Чутью Лукерья Павловна доверяла, оно её никогда не подводило ещё в то время, когда тяжёлой болезни в её жизни не было и в помине, как и вещих, направляющих снов.

Вот и сейчас чутьё твердило: квартиру дочери надо защитить, остальное сделать по обстоятельствам, когда картина угрозы больше прояснится. «Вот приняла решение, и стало на душе гораздо легче!» – выдохнула Лукерья Павловна, смывая мёртвую рыбку в унитаз и набирая в одну из пластиковых бутылок холодную воду, чтобы сменить воду в аквариуме.

А пока вода набиралась, пошла на кухню за солью, которой, к слову, оставалось мало – всего полпачки.
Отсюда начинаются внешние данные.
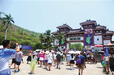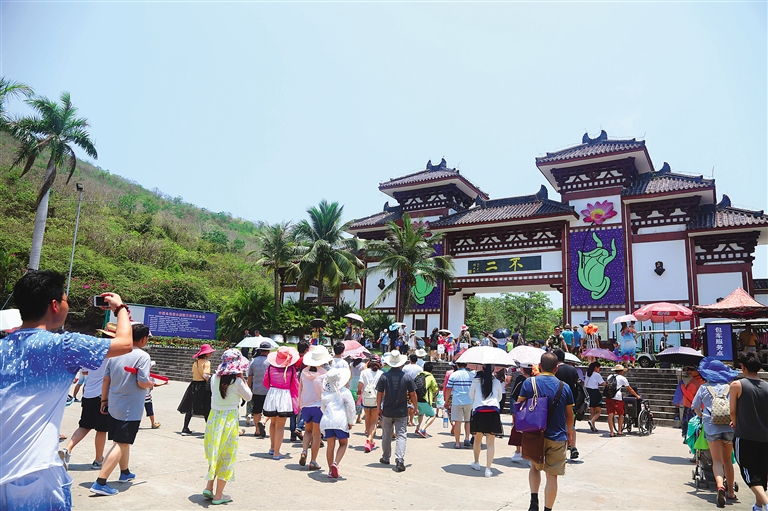 5月1日,游客在三亚南山景区游览。当天南山景区入园量1.63万人次,其中,散客达1.26万人次,成为南山景区一大亮点。此外,当天前往南山景区的琼、粤、桂等地自驾游车辆多达1850辆次。 本报记者 武威 特约记者 陈文武 摄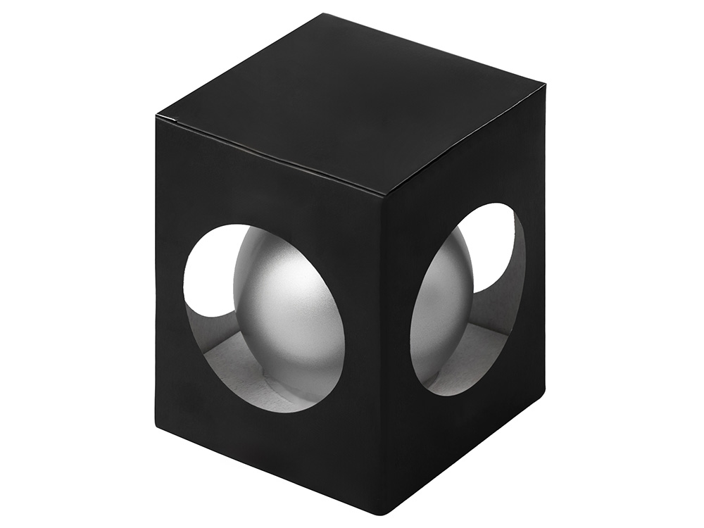 Стеклянный елочный шар Christmas bauble, серебро, металлик, с серебристым колпачком в черной коробке купить оптом и в розницу с нанесением логотипа в Казани

Лукерья Павловна вздохнула и, закончив с бутылками, набрала воду для мытья пола. Туда добавила с кулак соли и начала перемывать полы.

За окном пошёл сильный снег, потемнело. Пришлось включить свет, а когда Лукерья Павловна начала убираться в комнате Олежки, где стоял аквариум, услышала шёпот, тихий такой, похожий на звук ветра, гнущего сухую траву на поле. Но от того шепотка мороз пошёл по коже.

Она замерла, вслушиваясь, но больше ничего не услышала, только ощутила болезненно грохочущее от тревоги в груди сердце.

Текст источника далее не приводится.